Wie verbreitet nationalsozialistische Überzeugungen in Maulburg waren, lässt sich bislang nicht einschätzen. Bei der letzten leidlich freien Reichstagswahl im März 1933 kam die NSDAP in Maulburg auf 42 Prozent; in Steinen waren es 54 Prozent, in Schlächtenhaus 97 Prozent und in Baden 45 Prozent, lieferte Noe einige Vergleichszahlen. Die ersten Hinweise auf NS-Aktivitäten gibt es erst 1930. Gleichzeitig sei beispielsweise klar, dass es auch in Maulburg Zwangsarbeiter gab - „ich weiß nur noch nicht, wie viele es waren oder wo sie arbeiten mussten.“ Klar sei auch, dass es NS-Organisationen gab, und dass sie sich in Lokalitäten am Ort getroffen haben – „ich weiß nur noch nicht wo“.

Ein heikles Thema deutete sich bereits in der Gemeinderatssitzung an: Wichtig sei, zu überlegen, welche Rolle das Kapitel Hermann Burte bei der Aufarbeitung spielen soll, erklärte Christof Schwald (Freie Wähler) – ein Aspekt, der aus Sicht Noe keiner weiteren Diskussion bedarf: „Ohne Burte geht es nicht“, stellte Noe klar; Hermann Burte inklusive seiner Verstrickungen in den NS müsse ein großes Kapitel einnehmen.

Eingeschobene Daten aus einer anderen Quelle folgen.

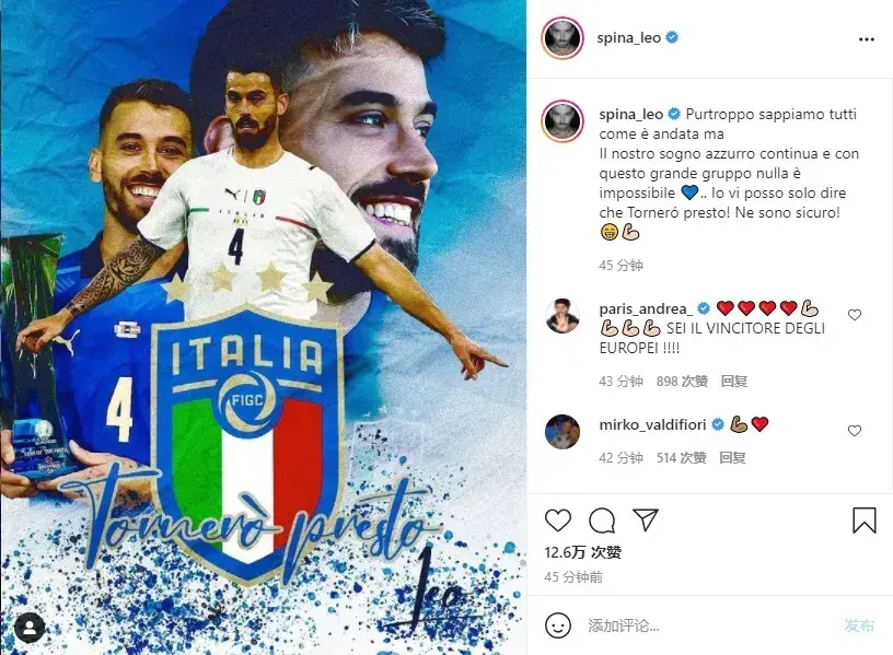 而在这批冠军球员逐渐淡出国家队阵容后,意大利队明显青黄不接,不但星味不足,甚至连颜值都令很多女球迷逐渐对曾有 “欧洲男模队” 之称的意大利队失去了兴趣。再加上德国世界杯后,欧洲足坛乃至世界足坛为西班牙的传控足球所统治,蓝衣军团不但进攻乏力,连稳健的防守也不复存在,最低谷时期,意大利无缘 2018 年俄罗斯世界杯。而俱乐部层面,意甲相对于英超、西甲的式微,更让球迷们不看好现在的意大利队。没想到,曼奇尼率领一批在俱乐部都算不上顶级大牌的年轻人,打出了不错的比赛。不过,左后卫斯皮纳佐拉在连续几场的优异表现后突遭重伤,对意大利队的排兵布阵影响不小。如今也只能在祝愿他早日康复的同时,期待这次意外能给团队注入更多共同战胜困难的团结力量。

„Wir sollten es angehen, und wir sollten es geschlossen tun“, appellierte Bürgermeister Jürgen Multner an die Gemeinderäte. Das Gremium folgte diesem Appell einmütig und ohne Diskussionen.

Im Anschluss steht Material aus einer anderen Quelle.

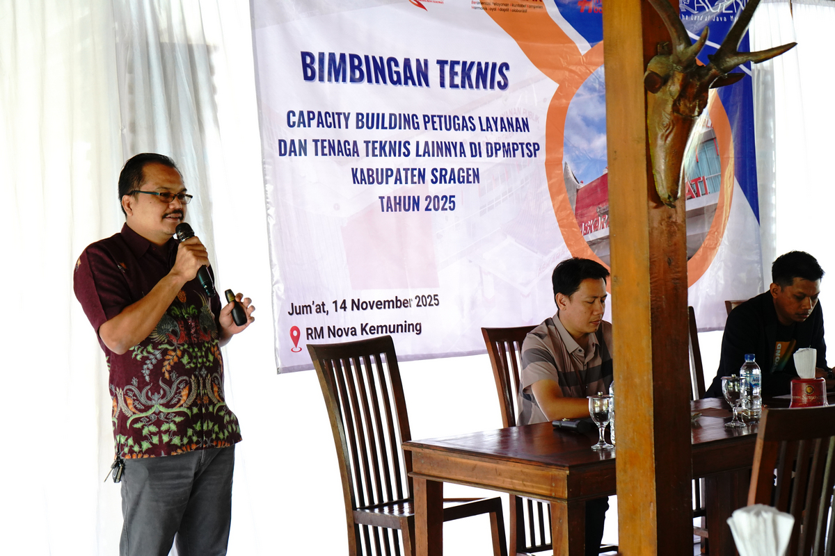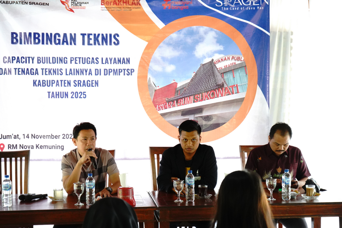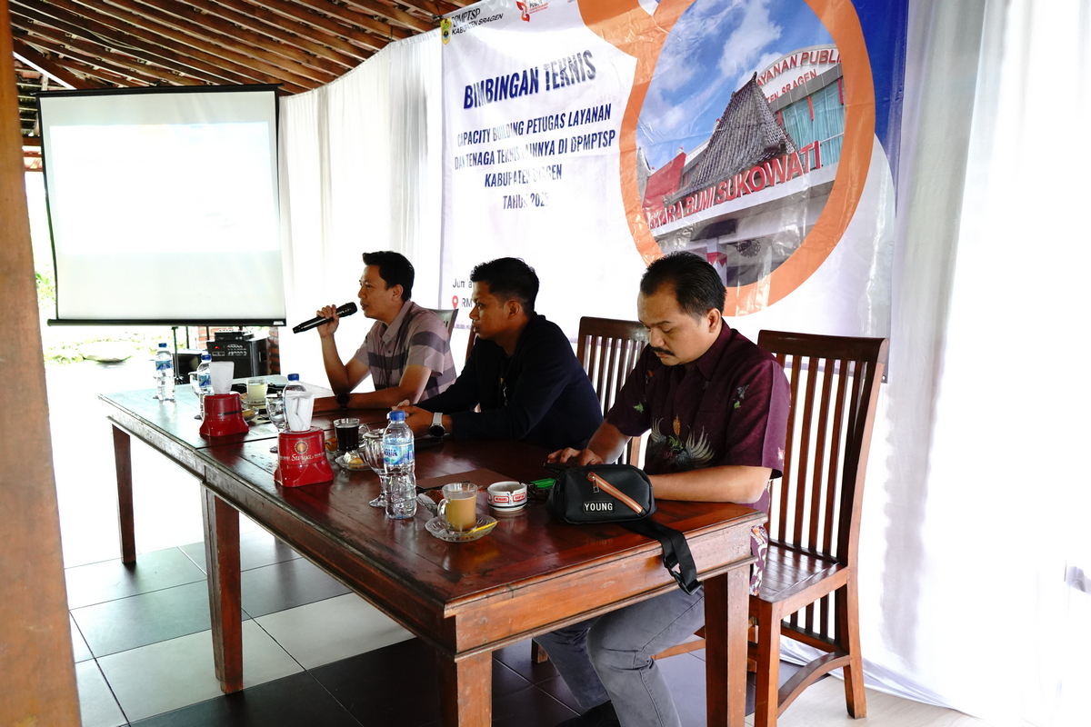 Pada hari Jumat (14/11/2025) DPMPTSP Kabupaten Sragen mengadakan kegiatan Bimbingan Teknis Capacity Building bagi Pegawai di Lingkungan DPMPTSP Kabupaten Sragen Tahun 2025 bertempat di Rumah Makan Nova- Kemuning.

Christof Schwald (FW) betonte, dass das gedruckte Ergebnis der Forschungen vor allem auf junge Leute zielen sollte. Er werde kein speziell auf die Jugend ausgerichtetes Buch schreiben, erklärte Noe, versicherte aber als ehemaliger Lehrer, dass das Druckwerk auf jeden Fall für die Nutzung im Schulunterricht geeignet sein werde.

Während Horst Leber (BMV) auf die Bedeutung der Vorgeschichte des NS-Zeit verwies, regte Kurt Greiner (FW) an, den Bogen bis in die Nachkriegszeit zu spannen, und etwa die Geschichte der Flüchtlinge in der Königsberger Siedlung zu erforschen. Tatsächlich sei es wichtig, den politischen Neubeginn und die Veränderungen des Dorfes zu untersuchen, bestätigte Noe. Auch hier aber fehle es bislang an Material.

Als Zeitpunkt für die Präsentation der Forschungsergebnisse nannte Noe das Spätjahr 2016: „Das ist ein engagierter Zeitplan, aber machbar.“ Für die Drucklegung einer etwa 100-seitigen Broschüre müsste die Gemeinde mit etwa 15 000 Euro rechnen, lieferte Noe auf Nachfrage von Bürgermeister Multner eine grobe Größenordnung. Für seine eigene Arbeit werde er eine sehr überschaubare Aufwandsentschädigung in Rechnung stellen.